Regarding service providers, this study revealed that consumers prioritize high-quality service over the identity of the provider. To attract consumers and encourage local content in the energy sector, energy policies should focus on developing the local renewable energy industry. The Renewable Energy Master Plan implemented by the Ghanaian government aims to stimulate local content and participation in the renewable energy industry. This includes initiatives to enhance the skills and technical expertise of local energy developers. Additionally, providing a stable and supportive system for domestic energy developers, such as substantial tax reductions and import duty exemptions for renewable energy-related equipment, will enable them to offer affordable renewable energy products to consumers. Collaborations between government entities and private companies can play a pivotal role in expanding renewable energy infrastructure and services. Encouraging domestic firms to invest in renewable energy projects while allowing foreign companies to participate fosters a competitive and dynamic market. Furthermore, enacting and enforcing policies that promote renewable energy deployment, like feed-in tariffs, renewable portfolio standards, and net metering, create an enabling environment for the growth of renewable energy. Lastly, given the existence of preference heterogeneity among respondents, energy developers must engage consumers to better understand their diverse needs and motivations to attract them towards adopting renewable energy.
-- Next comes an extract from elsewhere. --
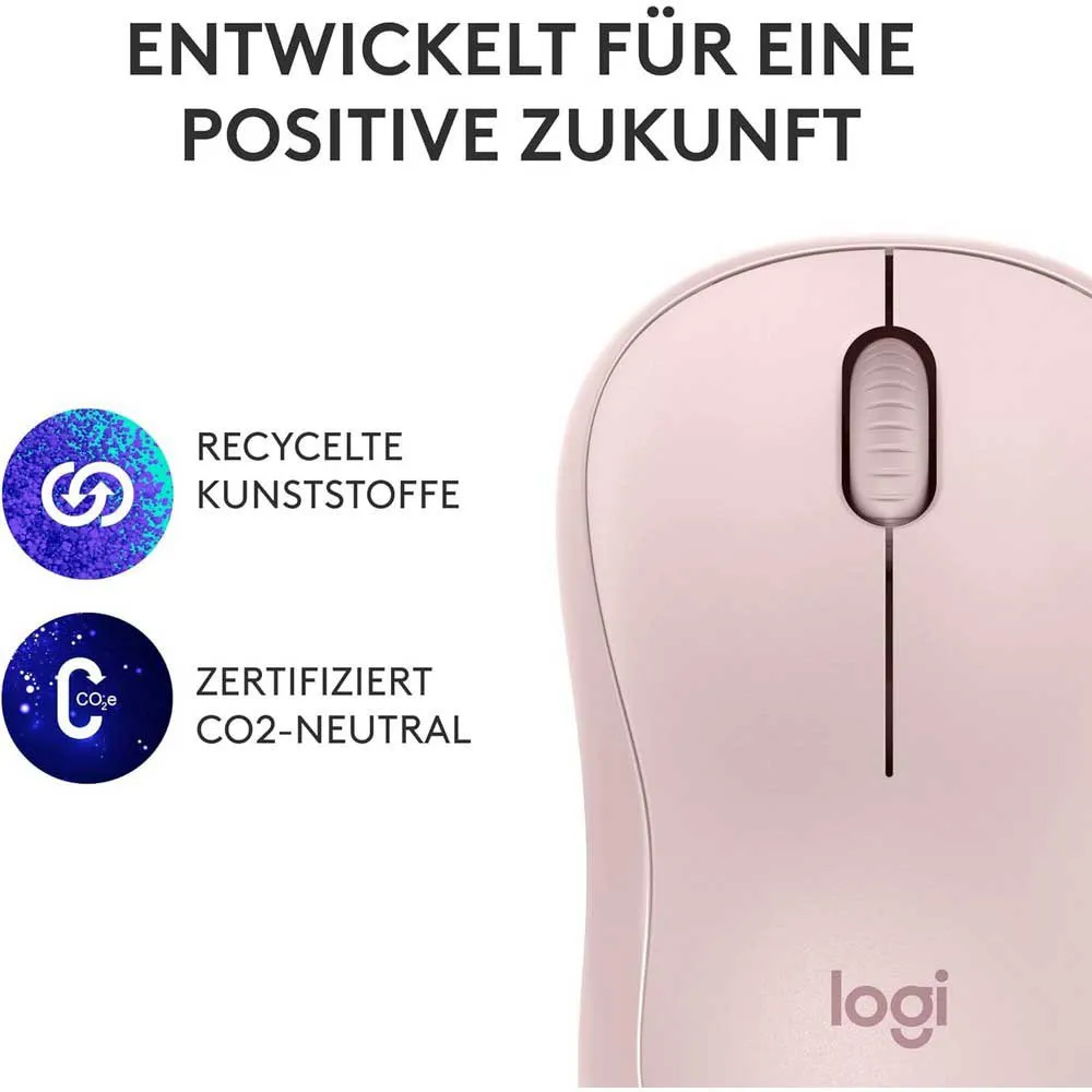 - De plastic onderdelen van de M240 Silent PC Mouse bevatten gecertificeerd gerecycled plastic na consumptie (48% voor Graphite en 37% voor Off-white en Rose)

Ensuring inclusivity by considering the needs of low-income households and marginalized communities is vital. Implementing inclusive policies and financial models will ultimately enable broader access to renewable energy for all citizens.
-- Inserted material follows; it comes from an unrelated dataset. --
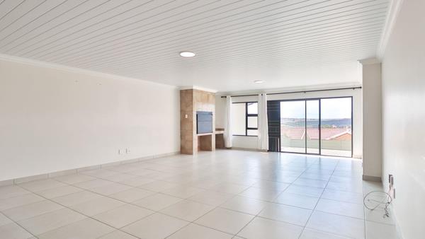 The home is elegantly tiled throughout, enhancing its sleek and modern ambiance. The expansive open-plan lounge and dining area offer a seamless flow, highlighted by a built-in braai that sets the stage for entertaining guests. Large sliding doors lead to a sunlit patio, providing breathtaking scenic views and an ideal spot for relaxation.

The scope of this study was limited to only the demand side of the energy market in Ghana, with a particular focus on consumer preferences. Future studies can focus on the supply side of the energy market to address supply-side constraints limiting renewable energy development in the country. Researchers can consider relevant issues of availability, accessibility, and development of renewable energy (technology). Also, this study focused on household preference and WTP for alternative energy sources. For further research, studies can conduct a survey to examine preferences and willingness to pay among firms and small-scale enterprises.